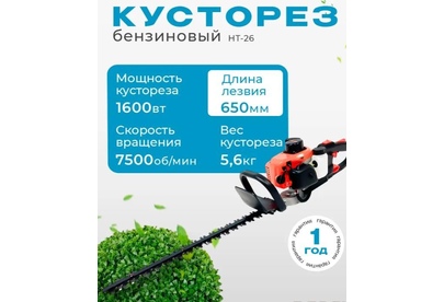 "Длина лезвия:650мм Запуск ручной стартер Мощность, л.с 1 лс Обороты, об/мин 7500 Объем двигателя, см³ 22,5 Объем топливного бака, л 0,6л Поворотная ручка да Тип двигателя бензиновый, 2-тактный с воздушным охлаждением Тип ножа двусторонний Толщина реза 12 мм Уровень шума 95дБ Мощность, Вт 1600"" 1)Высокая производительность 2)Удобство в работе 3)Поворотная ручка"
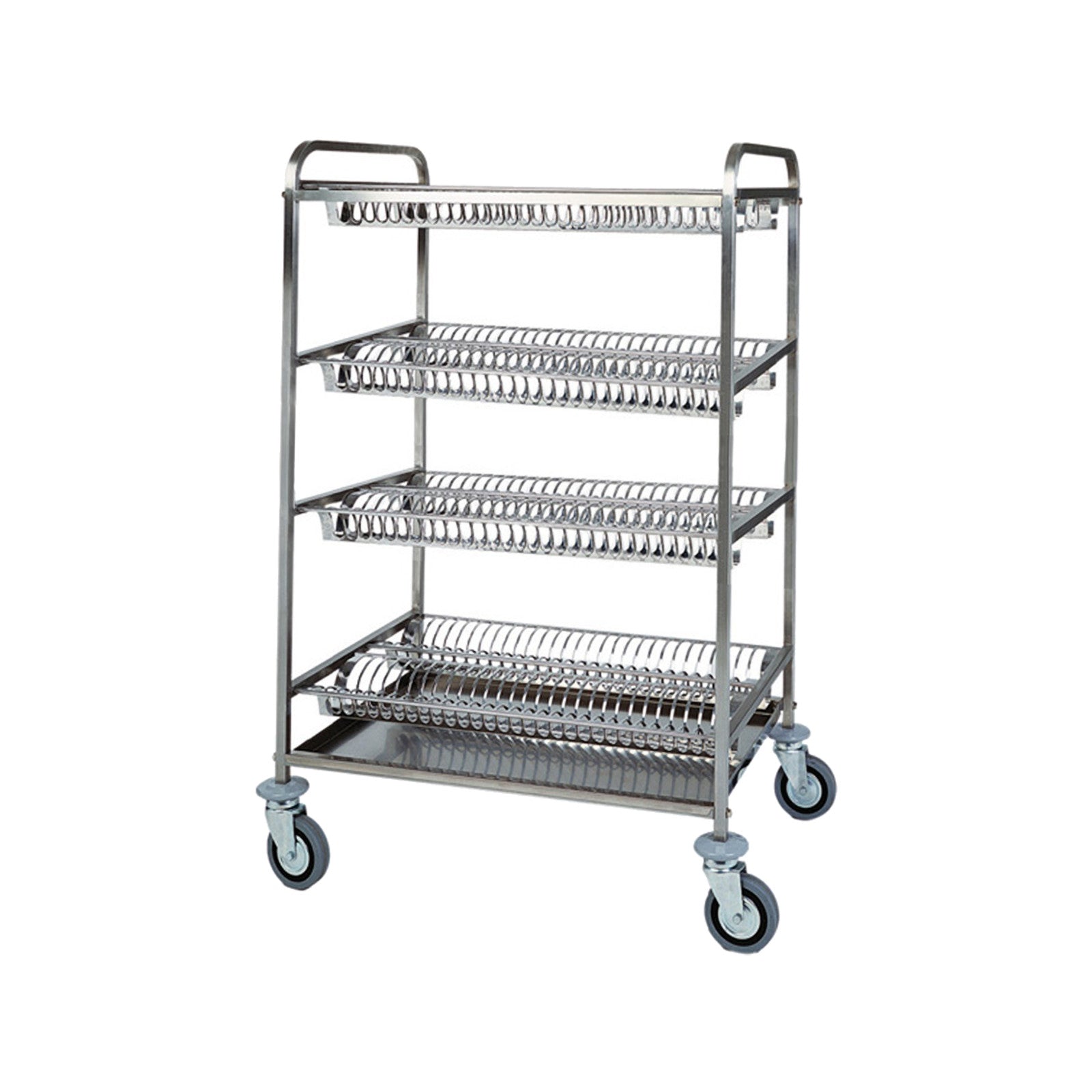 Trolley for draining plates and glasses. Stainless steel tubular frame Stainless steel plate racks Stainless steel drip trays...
* * *
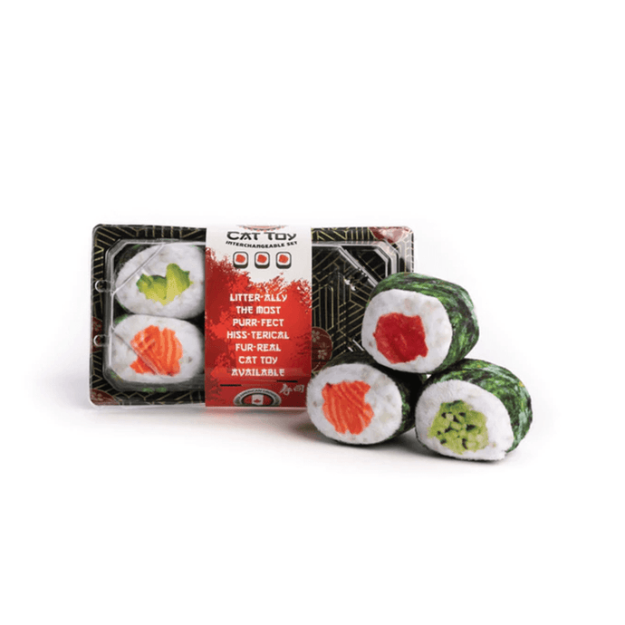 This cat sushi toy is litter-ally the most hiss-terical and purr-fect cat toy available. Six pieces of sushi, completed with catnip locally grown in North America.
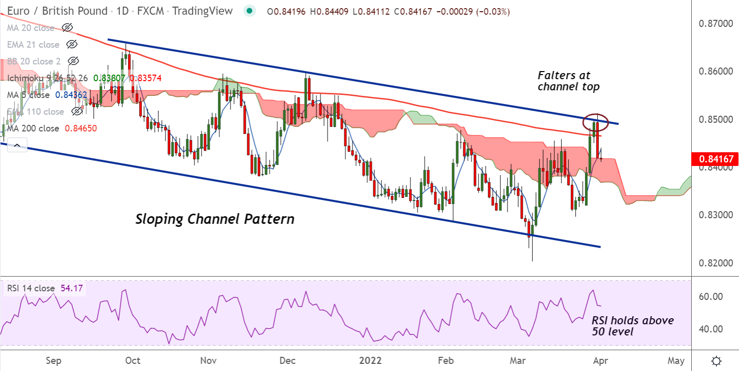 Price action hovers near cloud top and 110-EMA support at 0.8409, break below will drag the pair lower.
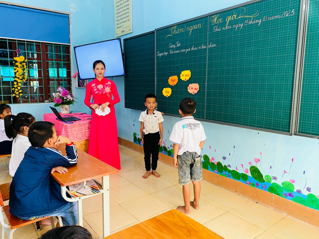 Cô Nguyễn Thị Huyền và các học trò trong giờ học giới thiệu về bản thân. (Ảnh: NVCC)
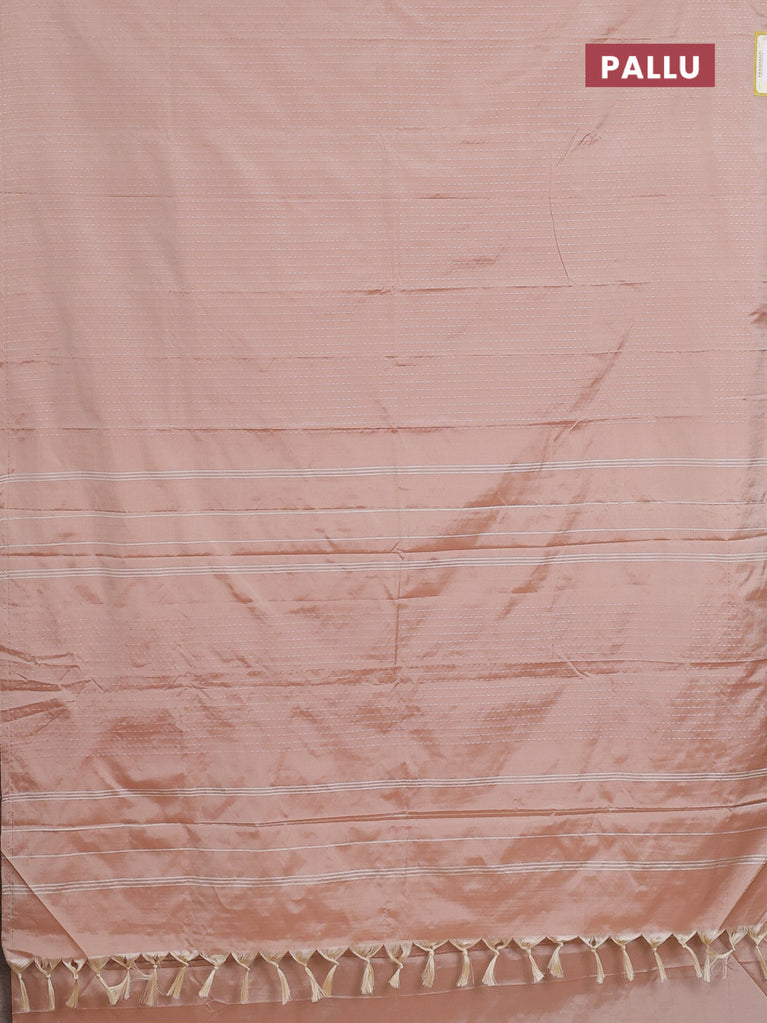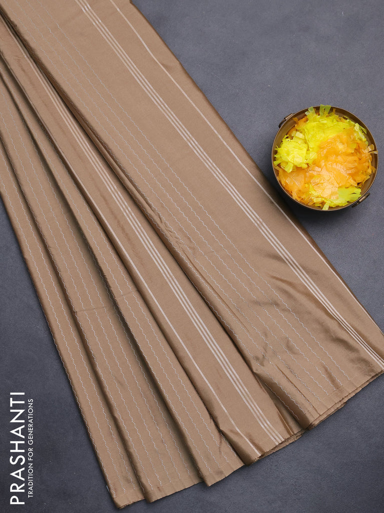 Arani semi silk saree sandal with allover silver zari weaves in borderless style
==
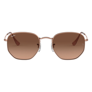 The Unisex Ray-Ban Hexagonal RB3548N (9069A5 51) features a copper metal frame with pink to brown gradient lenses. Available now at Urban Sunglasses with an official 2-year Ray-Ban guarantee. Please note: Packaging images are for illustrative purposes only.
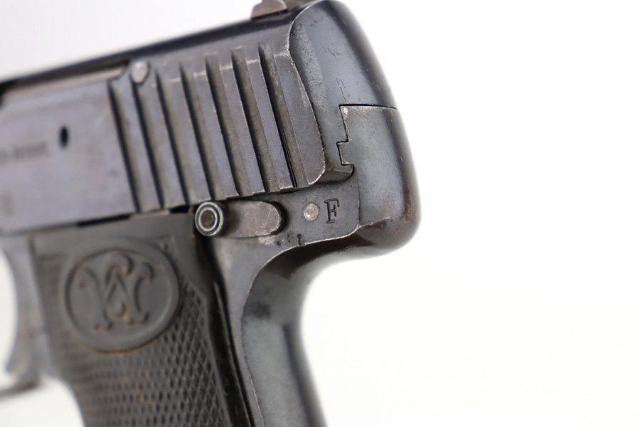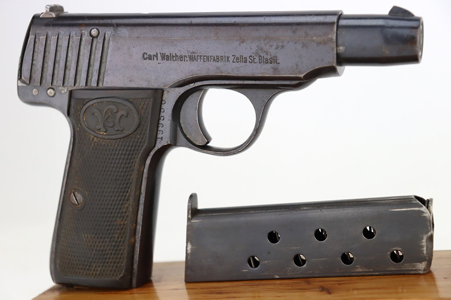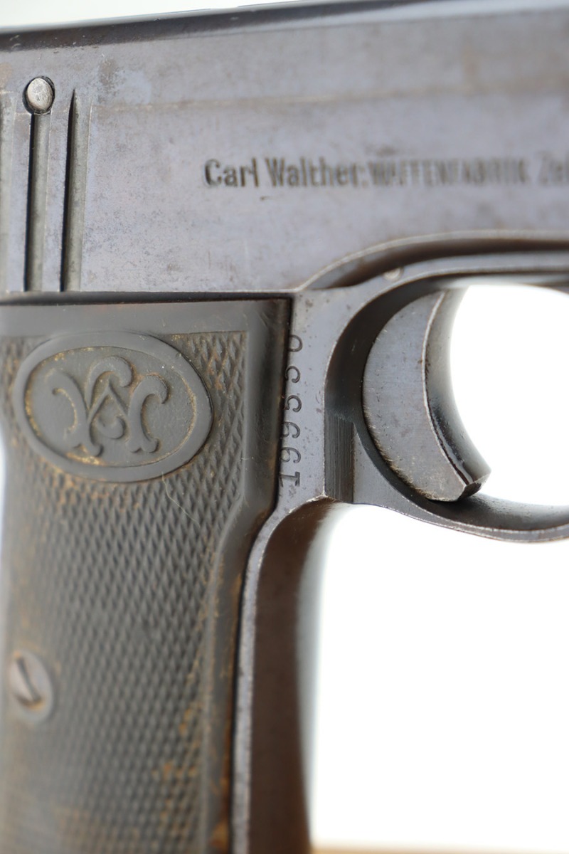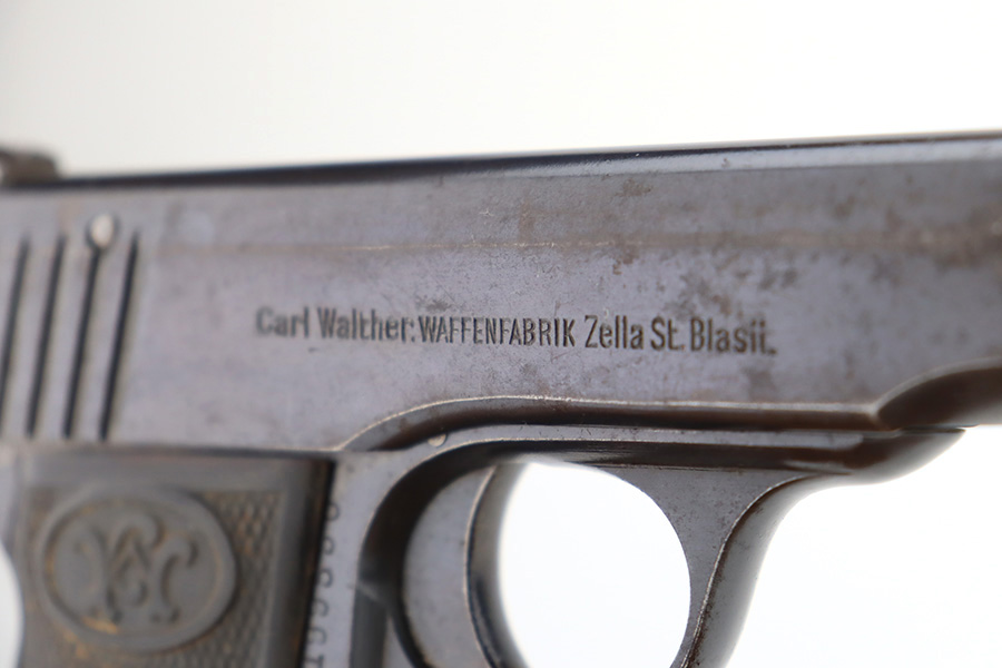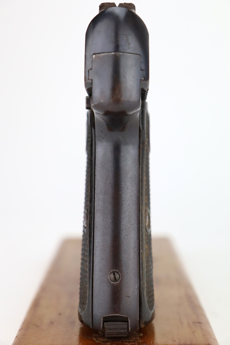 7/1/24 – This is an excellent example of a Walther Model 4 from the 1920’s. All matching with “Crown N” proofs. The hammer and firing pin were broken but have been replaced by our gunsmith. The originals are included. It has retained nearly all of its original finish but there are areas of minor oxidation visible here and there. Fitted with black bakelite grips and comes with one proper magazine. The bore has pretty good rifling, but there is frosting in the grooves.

(Work instruction) Skip every picture, and restate word for word only the lines above from the line containing "Cô Nguyễn Thị" to the line containing "Arani semi silk", both of them included.

(Solution for this task)
 Cô Nguyễn Thị Huyền và các học trò trong giờ học giới thiệu về bản thân. (Ảnh: NVCC)
 Arani semi silk saree sandal with allover silver zari weaves in borderless style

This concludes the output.